» Assigned task:
Copy out the data that comes next, character for character, and leave the images aside.

Data segment section start

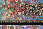 In addition, the border is dotted with plants and traditional motifs, creating a perfect balance between luxury and harmony. The brown background is woven with green, red, blue and gold tones, giving the entire carpet a richness and depth. The design, which has been carefully calculated down to the smallest detail, demonstrates the high level of artistry of the atelier.
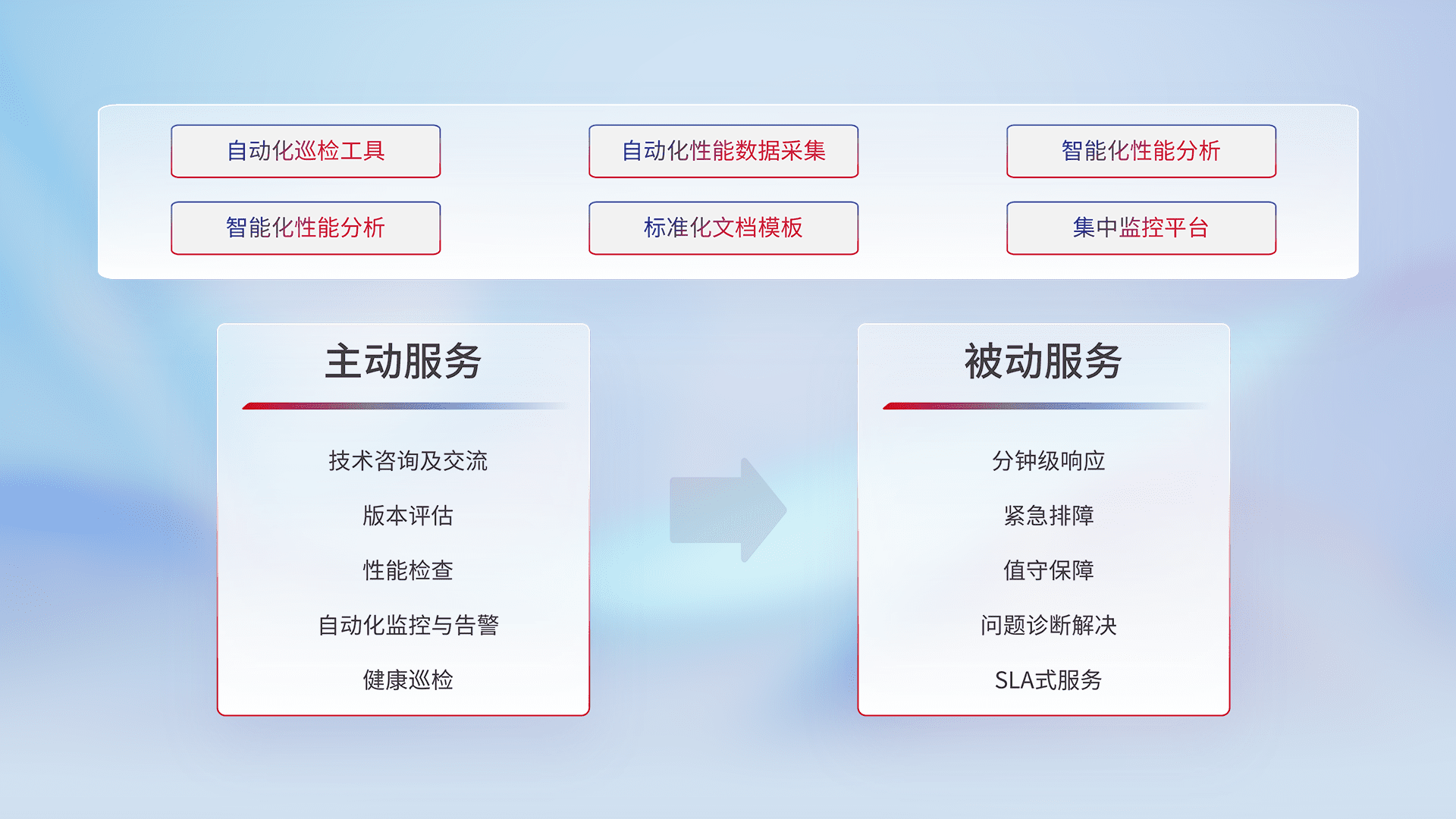 智能化工具和标准化文档,,,,保障服务质量,,,,提供主动服务(包含技术咨询、、版本评估、、性能检查、、自动化监控与告警、、、健康巡检)和被动服务包含(分钟级响应、、、紧急排障、、、、值守保障、、、问题诊断解决、、、SLA服务)。。。
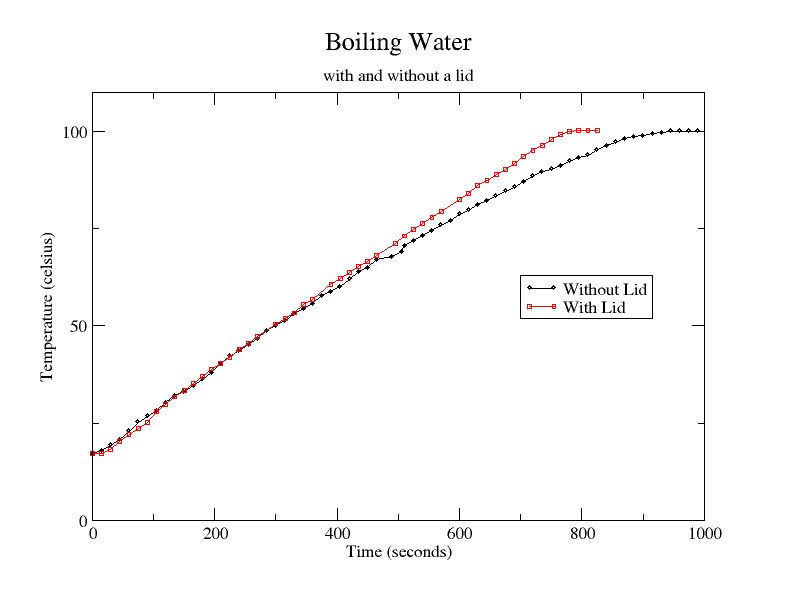 Note also that there are several free parameters in this example. E.g., I just moved to Germany, and now have wimpy German burners on my stove. If I put on a large container with 6L or more of water, and I do not cover it, the water will never go beyond bubble formation into a light simmer, let alone a rolling boil. If I cover the container at this steady state, it reaches a rolling boil in about another 90s.
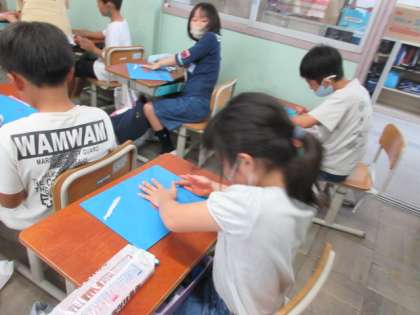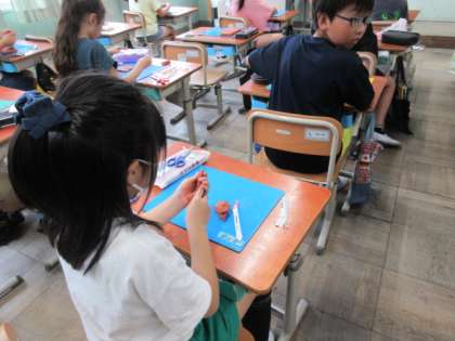 自分のイメージをもちながら、粘土に触れながら、表したいことを考えてつくりました。粘土を転がしたり丸めたりたたいたり、ねん土の感触を大いに楽しんだようでした。

Data segment section end

» Response:
 In addition, the border is dotted with plants and traditional motifs, creating a perfect balance between luxury and harmony. The brown background is woven with green, red, blue and gold tones, giving the entire carpet a richness and depth. The design, which has been carefully calculated down to the smallest detail, demonstrates the high level of artistry of the atelier.
 智能化工具和标准化文档,,,,保障服务质量,,,,提供主动服务(包含技术咨询、、版本评估、、性能检查、、自动化监控与告警、、、健康巡检)和被动服务包含(分钟级响应、、、紧急排障、、、、值守保障、、、问题诊断解决、、、SLA服务)。。。
 Note also that there are several free parameters in this example. E.g., I just moved to Germany, and now have wimpy German burners on my stove. If I put on a large container with 6L or more of water, and I do not cover it, the water will never go beyond bubble formation into a light simmer, let alone a rolling boil. If I cover the container at this steady state, it reaches a rolling boil in about another 90s.
 自分のイメージをもちながら、粘土に触れながら、表したいことを考えてつくりました。粘土を転がしたり丸めたりたたいたり、ねん土の感触を大いに楽しんだようでした。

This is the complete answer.